MATERIAL PROVIDED —
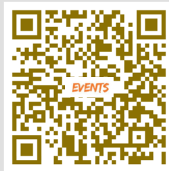
https://faihriders.com/our-events/ LISTING OF NATIONAL EVENTS
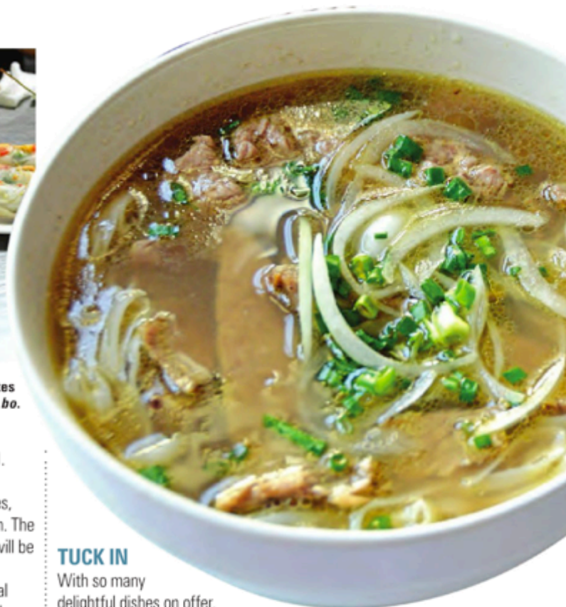
A taste of Vietnam ... (from left) bun cha gio , plates of street food, the famous pho bo .
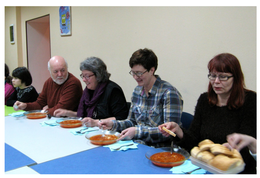
Learning about diaconal work in Odessa included sharing a meal with children at the Living Hope day-care center.
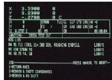
Figure 3-5 "Waiting stage" options menu.

The control will prompt the operator with the message shown in figure 3-5.
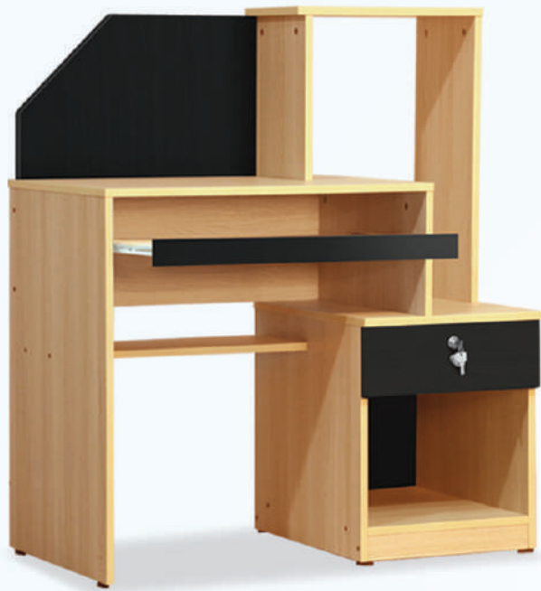
Computer Table STO-CT019LB
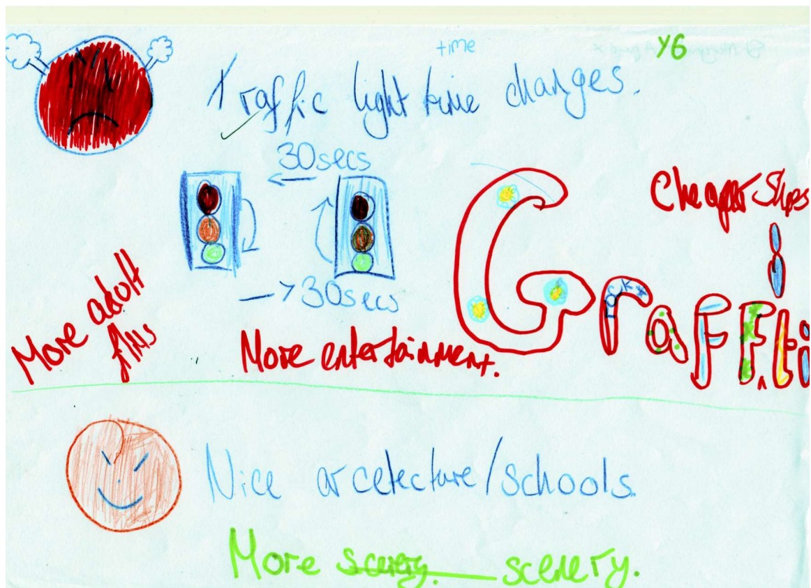
{Drawing by Year 6 pupils from St. Margaret's C of E Aided Primary School, Durham City, during the public consultation with children and young people, 2015}

2.21 Each of the key themes for the Plan has its 'champions' within the team of volunteers working on the Neighbourhood Plan now under the auspices of the Parish Council. Ideas for possible policies under each theme have been debated and revised, and always tested against the results of public consultations. There are constraints around what planning policies can address, notably that they have to be about the use and development of land, but the wishes expressed through public consultations and engagement have been incorporated as far as is possible either in 'Planning Policies and Proposals for Land Use' or in the initiatives in the companion document 'Looking Forwards: Durham as a Creative and Sustainable City'.
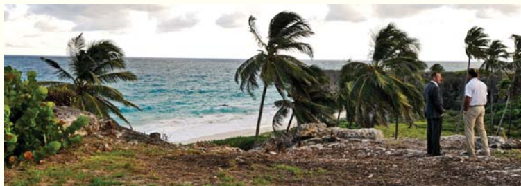
Overlooking the beach at The Merricks Resort

quality and style that Harlequin will be delivering at The Merricks Resort. The first phase of construction for the resort will start following completion of the planning condition response process. Adams Consulting International is currently working with Harlequin Developments to meet the points raised by the planners during this final stage and we hope to have these resolved during the next few weeks. The largest issue is the limited water supply in St Philip and Harlequin is working with the Government and local authorities to find a solution to increase the supply to not only support The Merricks Resort but also to improve the situation for the local people of St Philip.
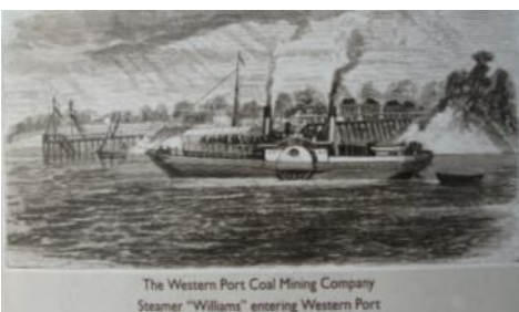
The Western Port Coal Mining Company Steamer "Williams" entering Western Port
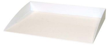
A29H11, white. (A29H21, silver). Shelf C4, accessories toolbar
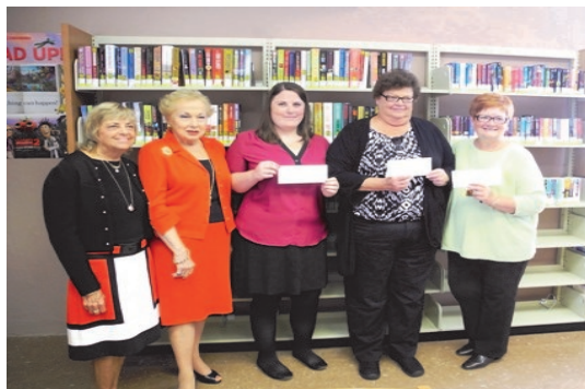
Monmouth County librarians receiving checks from the Rebuilding Our NJ Libraries Fund

Three Monmouth County libraries damaged in Hurricane Sandy ( Oceanport , Sea Bright , and Monmouth Beach ), recently received donations from the Rebuilding Our New Jersey Libraries fund. The fund was created by NJLA with over $13,000 in donations received from people all over the country (and from as far away as Scotland) who wished to help New Jersey libraries after the superstorm. The money raised is being equally distributed to seven total libraries in the state that were damaged. Each library received $1,942.
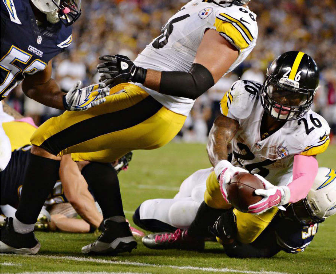
Le’Veon Bell reaches the ball across the goal line for the game winning touchdown.

However, the Steelers’ defense held and only allowed 3 points to give the Chargers the lead with 2:56 left to go. With the ball, Vick hit Heyward-Bey on several occasions, driving the ball down to the San Diego 41. On the next play, Vick did
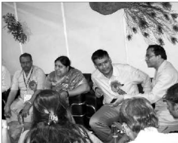
Smt. Panabaaka Lakshmi, Minister of State for Textiles, Ministry of Textiles, Government of India at the Carpet Expo in Varanasi.

She said that the India Carpet Expo has established itself as sourcing platform for buyers from all over the world and generates new business opportunities for

ABOUT THIS TASK —
Scan the listing above. Gather each line that contains the word "stage".

REPLY TO THE EXERCISE —
Figure 3-5 "Waiting stage" options menu.
quality and style that Harlequin will be delivering at The Merricks Resort. The first phase of construction for the resort will start following completion of the planning condition response process. Adams Consulting International is currently working with Harlequin Developments to meet the points raised by the planners during this final stage and we hope to have these resolved during the next few weeks. The largest issue is the limited water supply in St Philip and Harlequin is working with the Government and local authorities to find a solution to increase the supply to not only support The Merricks Resort but also to improve the situation for the local people of St Philip.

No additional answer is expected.